A Flashback to Traditions of the Soviet Era: Russians Break the Law to Watch “Barbie”

By: Annmarie Machado

During the Cold War, the USSR Government operated much like “Big Brother” in Orwell’s dystopian novel, “1984.” Western books, movies, and music were prohibited so as not to corrupt the Soviet citizens’ minds with the appeal of capitalist propaganda. But with strict rules oftentimes comes rebellion. Brave rebels opened “video salons,” in which people gathered in rooms for private viewings of pirated films they would not otherwise be allowed to watch.

On February 24, 2022, the Russo-Ukraine War that began in 2014 escalated dramatically when Russia invaded Ukraine in what has become the largest armed conflict in Europe since World War II. This invasion has left tens of thousands Ukrainians dead and even more displaced and forced to flee.

Today, the Russo-Ukraine War persists, and Russians are once again excluded from Western film screening privileges. Shortly after the invasion of Ukraine, a Hollywood boycott commenced, forbidding Russia from showing Hollywood movies. The “Barbie” movie, for example, has become one of the highest-grossing movies of all time, quite literally taking over the world and coaxing large audiences to the movie theaters for the first time since the pandemic. Russia’s Ministry of Culture, however, refuses to license “Barbie” screenings because it “[does] not meet the goals and objectives set by the head of state to preserve and strengthen traditional Russian spiritual and moral values.” Instead, the Ministry would only provide financial support for “approved themes,” such as the heroism of Russian soldiers in the Russo-Ukraine War or the degradation of Europe.

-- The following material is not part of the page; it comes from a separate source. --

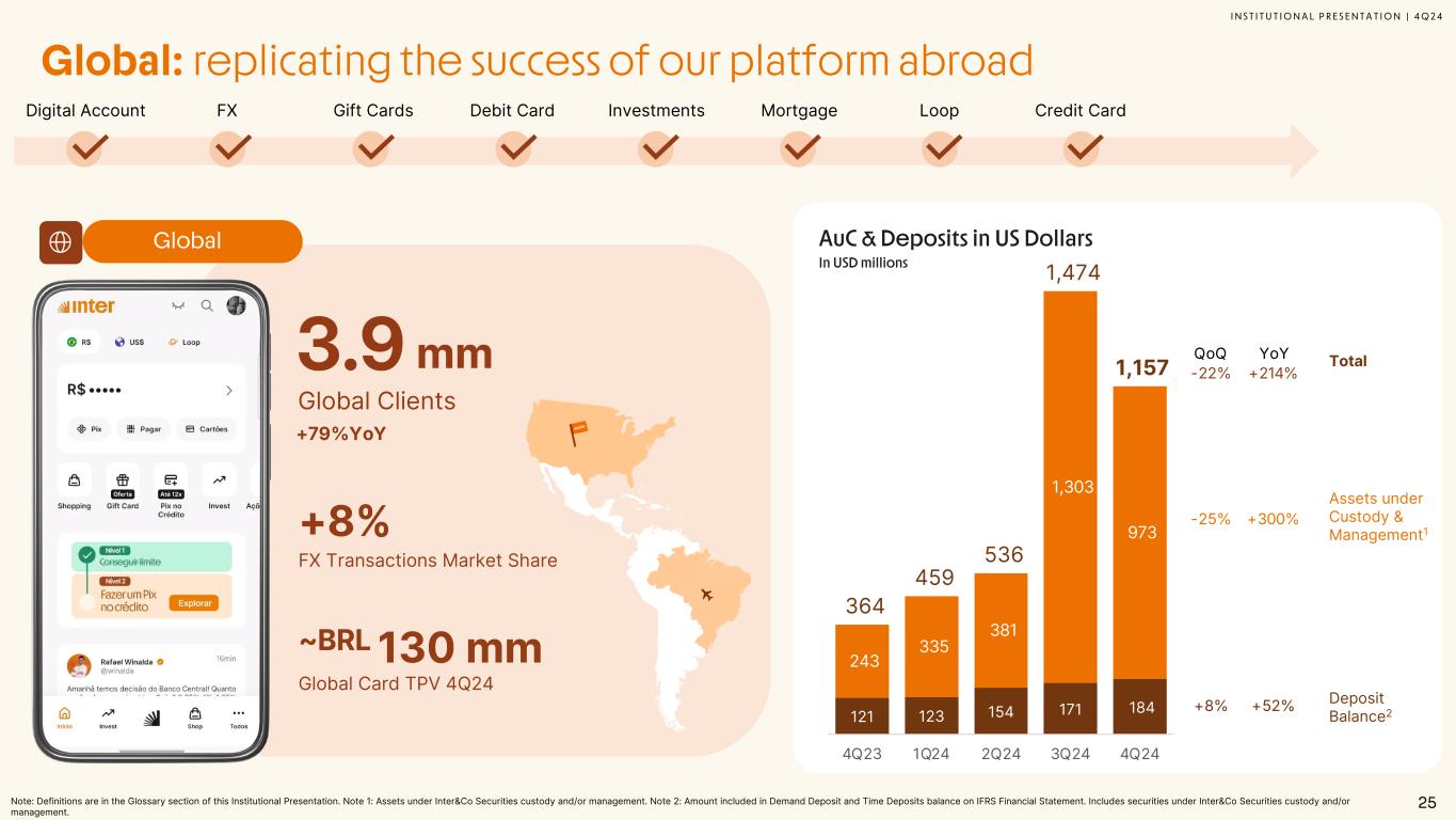 I N S T I T U T I O N A L P R E S E N T A T I O N | 4 Q 2 4 +8% FX Transactions Market Share mm Global Clients 3.9 +79%YoY ~BRL 130 mm Global Card TPV 4Q24 Assets under Custody & Management1 Deposit Balance2 Total Global: replicating the success of our platform abroad 25 Global 121 123 154 171 184 243 335 381 1,303 973 364 459 536 1,474 1,157 - 2 0 4 0 6 0 8 0 1 ,0 0 1 ,20 0 1 ,40 0 1 ,60 0 4Q23 1Q24 2Q24 3Q24 4Q24 Note: Definitions are in the Glossary section of this Institutional Presentation. Note 1: Assets under Inter&Co Securities custody and/or management. Note 2: Amount included in Demand Deposit and Time Deposits balance on IFRS Financial Statement. Includes securities under Inter&Co Securities custody and/or management. AuC & Deposits in US Dollars In USD millions QoQ YoY -22% +214% -25% +300% +8% +52% Digital Account FX Gift Cards Debit Card Investments Mortgage Loop Credit Card

Even so, Russians have once again found a workaround. Movie theaters all over Russia are openly screening illegal copies of “Barbie” right under the government’s nose. There are no advertisements and no posters about it. While a normal passerby would not know “Barbie” is playing, someone with intel would know to buy tickets for another film or documentary because “Barbie” will be playing in its entirety during the previews slot.

This Hollywood boycott is reflective of a much broader attempt by the West to tighten sanctions on Russia in the hopes that it will halt the income facilitating Russia’s invasion of Ukraine. Leaders of the Group of 7 (“G7”) nations, including Joe Biden, released a joint statement regarding the situation in Ukraine. They “stand together against Russia’s illegal, unjustifiable, and unprovoked war of aggression against Ukraine.” For this reason, Western governments have focused on limiting Russia’s revenue from energy exports. G7 met about a potential plan to sharply manipulate the price of oil. A leading oil producer and exporter, “Russia relies heavily on revenues from oil and natural gas, which in 2021 made up 45% of Russia’s federal budget.” Therefore, the aim of this oil price cap is to incentivize participation from countries buying Russian oil, notably India and China. In other words, it is a push and pull between reducing the funding behind Russia in this war while simultaneously limiting the suffering on global energy prices; a back-and-forth between “starving” Russia of goods, technology, and services while simultaneously qualifying the war’s impact on third world countries.

Movies and oil are not the only means to which G7 attempts to achieve these ends. G7 has also suggested they were going to ban imports of Russian gold and map Russia’s assets held by each member country in order to further isolate Russia financially and have Russia remain “immobilized until Russia pays for the damages it has cause to Ukraine.”

Before the war, about 70% of the Russian film market consisted of movies produced in the United States. Last year, revenues dropped by 44%. The Russian films with “approved themes” do not seem to generate as much revenue as the Western films did. One Russian film, however, accomplished this feat, generating 990 million rubles (the equivalent of roughly $10 million) in ticket sales. It did so by playing full-length illegally copied movies like “Barbie” during its previews. “Barbie” is billed as a pre-show service to make it seem as if no money is being generated by Hollywood films, when in reality, sources suggest that it “may have grossed up to $200m in total in Russia.” Similarly, “[o]il revenue fell 23% in the first half of this year but Russia still earned $425 million a day from oil sales, according to the Kyiv School of Economics.” In fact, notwithstanding G7’s attempts, Russian crude oil supplies have actually increased by 50%.

The sanctions have thus far seemingly fallen short. The Russian ruble has recovered from early losses, oil revenue is still high, and Western movies are still being watched. Despite G7’s attempts to isolate Russia from the West, it continues to find a workaround, suggesting not only that the Russo-Ukraine War is all-encompassing, but also that Russia is not afraid to paint outside the lines. However, G7 has clearly committed to holding Russia accountable for its attacks on Ukraine, stating that “there must be no impunity for war crimes and other atrocities.” Who will win this face-off remains to be seen.